Comment via: facebook

New Comment
3 comments, sorted by Click to highlight new comments since:

Some important implications of this:

As you said, AI safety lacks good feedback loops, compared to capabilities feedback loops. Thus 3 scenarios occur: Either AI safety doesn't matter at all (We can't build AGI or it's easy to align by default), we are doomed because feedback loops can't be done in AI Alignment/Safety, or we by default succeed. It's similar to John Wentworth's post: When iterative design fails, linked here:

Now, John Wentworth's stories about gunpowder and the medieval lord is overstating things, but if we look at modern weapons vs medieval lords, it's usually a win for the modern soldiers unless severe skewing of numbers occur (more like 1:100 or more) or the modern force has too small a frontage.
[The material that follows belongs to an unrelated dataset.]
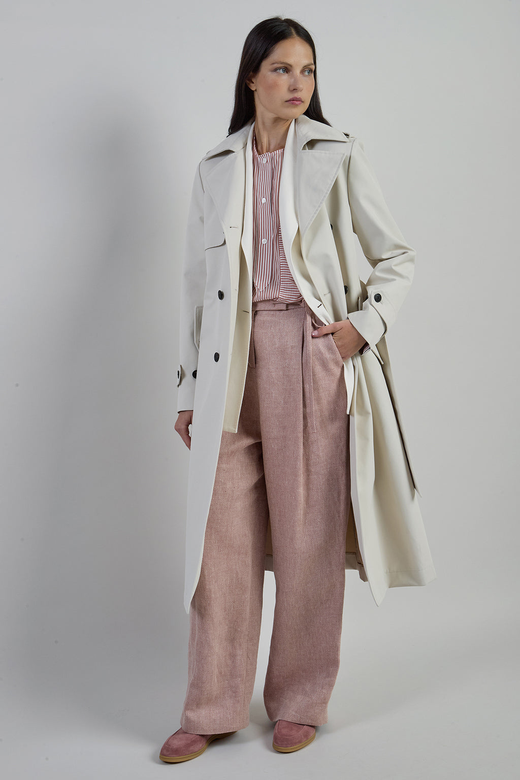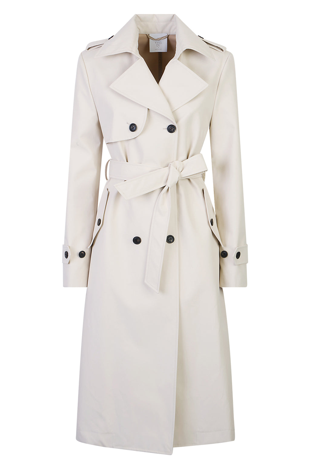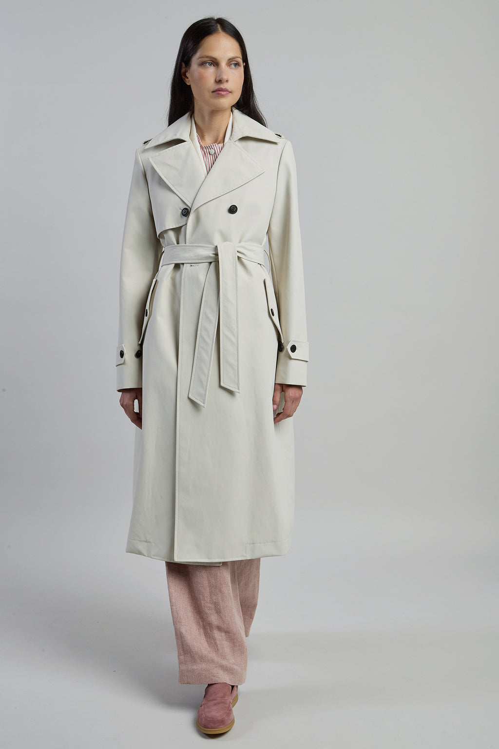 Long trench coat with a belt, made from water-resistant double-sided nylon, making it perfect for rainy and windy days.

Another implication is that I understand why academia/meta work is stereotyped as being out of touch with reality by populists, even if I suspect that this is actually at least somewhat wrong.

Where can I read an introduction to Connection Theory (i.e. a thesis statement, main claims, etc)?

I'd say it's for historical interest only at this point, but in Appendix 3 I link a copy of the paper that Alyssa archived: (v2.1, last revised 2011-09-21) It includes an introduction to the ideas.